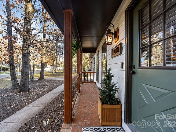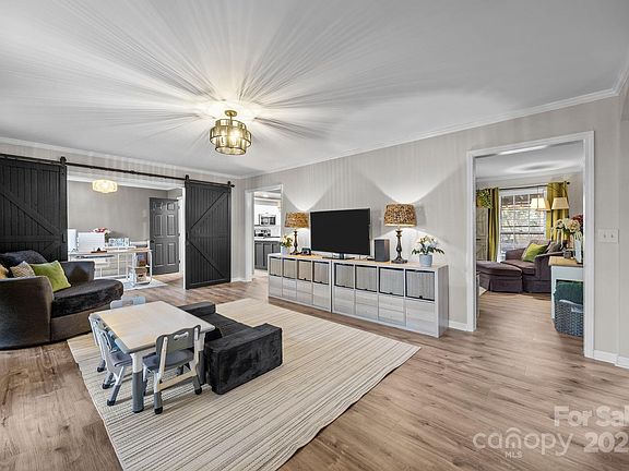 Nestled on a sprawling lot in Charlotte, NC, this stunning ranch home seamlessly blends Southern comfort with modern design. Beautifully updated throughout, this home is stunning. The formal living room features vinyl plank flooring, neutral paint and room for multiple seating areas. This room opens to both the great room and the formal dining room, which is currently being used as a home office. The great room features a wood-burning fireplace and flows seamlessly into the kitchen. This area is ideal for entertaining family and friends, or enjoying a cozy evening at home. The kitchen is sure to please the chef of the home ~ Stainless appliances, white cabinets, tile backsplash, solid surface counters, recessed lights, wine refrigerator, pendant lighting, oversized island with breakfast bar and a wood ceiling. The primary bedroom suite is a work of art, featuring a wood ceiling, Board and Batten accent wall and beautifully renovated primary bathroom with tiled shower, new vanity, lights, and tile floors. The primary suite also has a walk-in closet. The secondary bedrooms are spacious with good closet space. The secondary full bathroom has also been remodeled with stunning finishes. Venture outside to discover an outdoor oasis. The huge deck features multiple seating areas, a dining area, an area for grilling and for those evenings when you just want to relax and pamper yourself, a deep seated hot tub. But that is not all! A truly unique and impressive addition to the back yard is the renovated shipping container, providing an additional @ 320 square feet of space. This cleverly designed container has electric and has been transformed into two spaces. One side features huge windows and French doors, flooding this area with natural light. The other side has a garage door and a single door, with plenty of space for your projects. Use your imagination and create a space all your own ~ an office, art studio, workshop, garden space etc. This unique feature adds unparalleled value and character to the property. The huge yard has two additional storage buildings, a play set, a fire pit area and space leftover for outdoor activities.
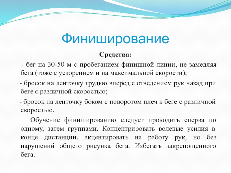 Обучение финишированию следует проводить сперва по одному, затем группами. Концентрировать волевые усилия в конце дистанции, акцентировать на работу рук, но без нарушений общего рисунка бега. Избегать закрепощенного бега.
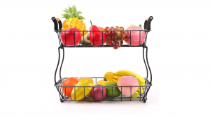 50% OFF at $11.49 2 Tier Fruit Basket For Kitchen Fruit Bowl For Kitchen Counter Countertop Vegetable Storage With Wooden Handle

__Task__:
Begin at the line containing "Обучение финишированию следует" and write out every line to the end of the data exactly. Skip the pictures.

__Response below__:
 Обучение финишированию следует проводить сперва по одному, затем группами. Концентрировать волевые усилия в конце дистанции, акцентировать на работу рук, но без нарушений общего рисунка бега. Избегать закрепощенного бега.
 50% OFF at $11.49 2 Tier Fruit Basket For Kitchen Fruit Bowl For Kitchen Counter Countertop Vegetable Storage With Wooden Handle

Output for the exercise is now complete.